Notice that, in the following, c can be derived from d, but, in uses
of this, it will be convenient to have them both given, as they are
obtained separately.
Notice also that this is not entirely trivial. It uses a density lemma
proved in another module.
\begin{code}
evc-extension-restriction
: (f : ℕ∞ → ℕ)
(d : continuity-data f)
(c : eventual-constancy-data (restriction f))

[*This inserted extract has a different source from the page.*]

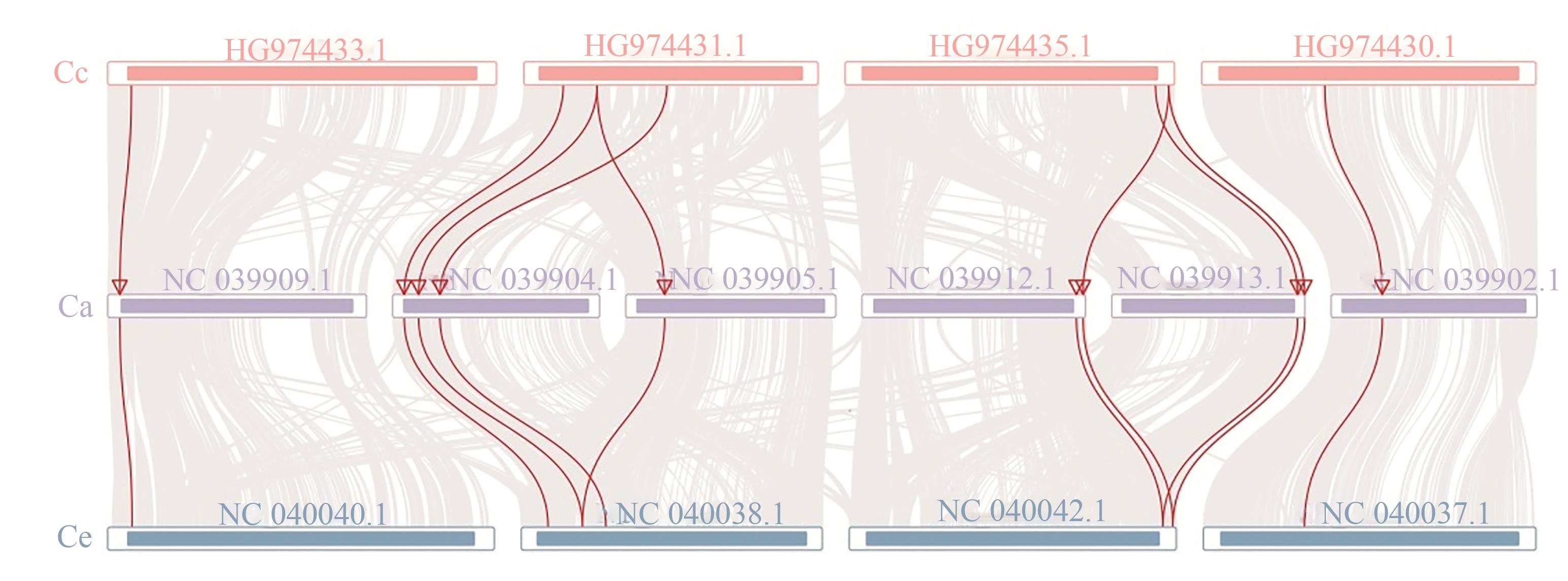 Fig. 7 Collinearity analysis of POR gene between Coffea arabica and parentsNote:Cc—Coffea canephora; Ca—Coffea arabica; Ce—Coffea eugenoedes.

→ evc-extension (restriction f) c ∼ f
evc-extension-restriction f
d@(n , n-is-modulus-of-continuity)
c@(m , m-is-modulus-of-constancy)
= III
where
I : (n : ℕ) → evc-extension (restriction f) c (ι n) = f (ι n)
I = evc-extension-property (restriction f) c
II = evc-extension (restriction f) c ∞ =⟨ evc-extension-∞ (restriction f) c ⟩
f (ι m) =⟨ (m-is-modulus-of-constancy n)⁻¹ ⟩
f (ι (maxℕ m n)) =⟨ ap (f ∘ ι) (maxℕ-comm m n) ⟩
f (ι (maxℕ n m)) =⟨ ap f (max-fin fe n m) ⟩
f (max (ι n) (ι m)) =⟨ n-is-modulus-of-continuity m ⟩
f ∞ ∎
III : evc-extension (restriction f) c ∼ f
III = ℕ∞-density fe ℕ-is-¬¬-separated I II
\end{code}
Conversely, a modulus of continuity of an extension is a modulus of
constancy of the orginal function.
\begin{code}
continuous-extension-gives-eventual-constancy'
: (g : ℕ → ℕ)
((f , _) : ℕ∞-extensions-of g)
(m : ℕ)
→ m is-modulus-of-continuity-of f
→ m is-modulus-of-constancy-of g
continuous-extension-gives-eventual-constancy' g (f , e) m m-is-modulus
= (λ n → g (maxℕ m n) =⟨ (e (maxℕ m n))⁻¹ ⟩
f (ι (maxℕ m n)) =⟨ ap f (max-fin fe m n) ⟩
f (max (ι m) (ι n)) =⟨ m-is-modulus n ⟩
f ∞ =⟨ (m-is-modulus m)⁻¹ ⟩
f (max (ι m) (ι m)) =⟨ ap f (max-idemp fe (ι m)) ⟩
f (ι m) =⟨ e m ⟩
g m ∎)
\end{code}
In other words, any modulus of continuity of a function ℕ∞ → ℕ is a
modulus of constancy of its restriction ℕ → ℕ.
\begin{code}
restriction-modulus
: (f : ℕ∞ → ℕ)
(m : ℕ)
→ m is-modulus-of-continuity-of f
→ m is-modulus-of-constancy-of (restriction f)
restriction-modulus f
= continuous-extension-gives-eventual-constancy'
(restriction f)
(f , (λ x → refl))
\end{code}
And so continuity data for the extension gives eventual constancy data
for the original function, which can be formulated in two ways.
\begin{code}
continuous-extension-gives-eventual-constancy
: (g : ℕ → ℕ)
((f , _) : ℕ∞-extensions-of g)
→ continuous f
→ eventually-constant g
continuous-extension-gives-eventual-constancy g ext (m , m-is-modulus)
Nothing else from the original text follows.